ATLANTA – Twelve times this season, Hunter Harvey has been asked to record at least four outs. And 12 times, he’s answered the call when the Nationals needed him to do it.
In many ways, that’s a win in itself.
Given his extensive injury history, Harvey has often been treated with kid gloves, held to one inning, prevented from pitching on consecutive days, anything to try to keep him from going back on the injured list again.
The Nats, though, have been more willing to ease off the reins this year. And for the most part, they’ve been rewarded for it.
Harvey will end the season healthy and productive. He missed a month in midsummer with a right elbow strain, but his willingness to speak up about it at the first sign of trouble perhaps allowed his IL stint to be as short as possible. And he hasn’t missed a beat since returning: In 17 appearances since Aug. 15, he’s got a 1.86 ERA, 21 strikeouts and only one walk.
“That’s huge for me,” the 28-year-old said. “I wish I could’ve taken those 21 days away and stayed healthy the whole time; that would’ve been a big thing. But I’m happy with how everything went. Only missing 20 days this year is nice, compared with getting 60-day’d. It’s been fun.”
Harvey’s latest extended appearance came Friday night, when Davey Martinez brought him in with one out in the bottom of the seventh, watched him get out of that inning, then retake the mound in the eighth and get into trouble with two on and two out.
Martinez walked to the mound at that point, and with Harvey sitting on 30 pitches, it seemed a foregone conclusion a move was coming. Instead, Martinez talked to Harvey and left him in the game. One pitch later, he was out of the inning.
* Carter Kieboom’s three-run homer Friday night made for a nice moment, with dozens of friends and family members in attendance for the suburban Atlanta native’s performance.
That homer was Kieboom’s first in a month, his first since a stretch of three blasts in his first six games back from Triple-A Rochester. Overall, the offensive picture remains too familiar for the 2016 first-round pick, who is batting a mere .213 with six extra-base hits, 11 RBIs, 25 strikeouts, six walks and a .664 OPS in 25 games.
But if there’s been a silver lining to Kieboom’s month back in the big leagues, it’s this: His defense at third base has been very smooth, far improved from previous years.

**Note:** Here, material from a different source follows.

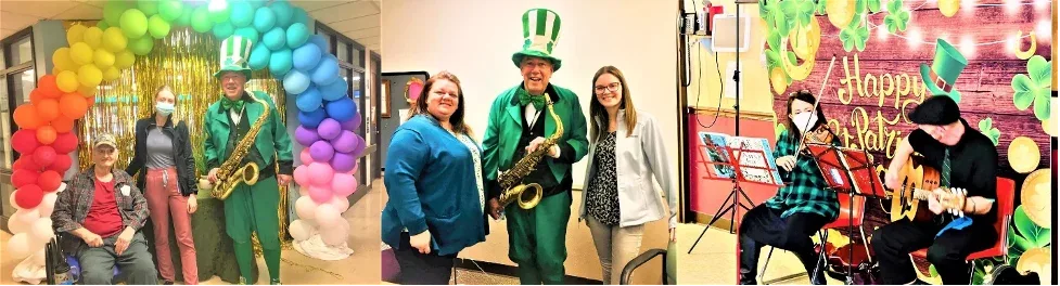 The Warren Center in Queensbury, New York, had a lot of live musical entertainment happening this St. Patrick’s Day as the fun and famous ever-changing holiday saxophonist from the Adirondacks, Luke McNamee, a.k.a. Paddy O’Sax during this time of year, came to play everyone’s favorite lucky Irish tunes. The residents loved every minute of it. Additionally, the 80-bed skilled nursing facility also featured the gorgeous violin strings of the Round Lake Heartstrings from Round Lake, NY, of course. It’s St. Patrick’s Day, so the “Danny Boy” ballad is always a favorite of the residents.

Kieboom, originally drafted as a shortstop, never looked comfortable at third base in 2020 or 2021. Oftentimes, it looked like he was mentally going through a checklist every time he fielded a ball, reminding himself what his mechanics needed to look like each step of the way as he made a throw across the diamond.
That look has disappeared this season. After missing all of 2022 following Tommy John surgery on his elbow, Kieboom has made every play that’s come his way so far: He’s got zero errors in 41 defensive chances.
“I wouldn’t say it’s all the work I’ve put in on defense,” Kieboom said. “I think it’s just more of a different mindset, being relaxed and playing a bit more carefree out there on defense. I’m not trying to be some fundamentally sound and cookie-cutter all the time. I think the fundamentals will come into play just by working on them coming up through the minors. Now, it’s just time to go out and play. That’s what I’m trying to do right now.”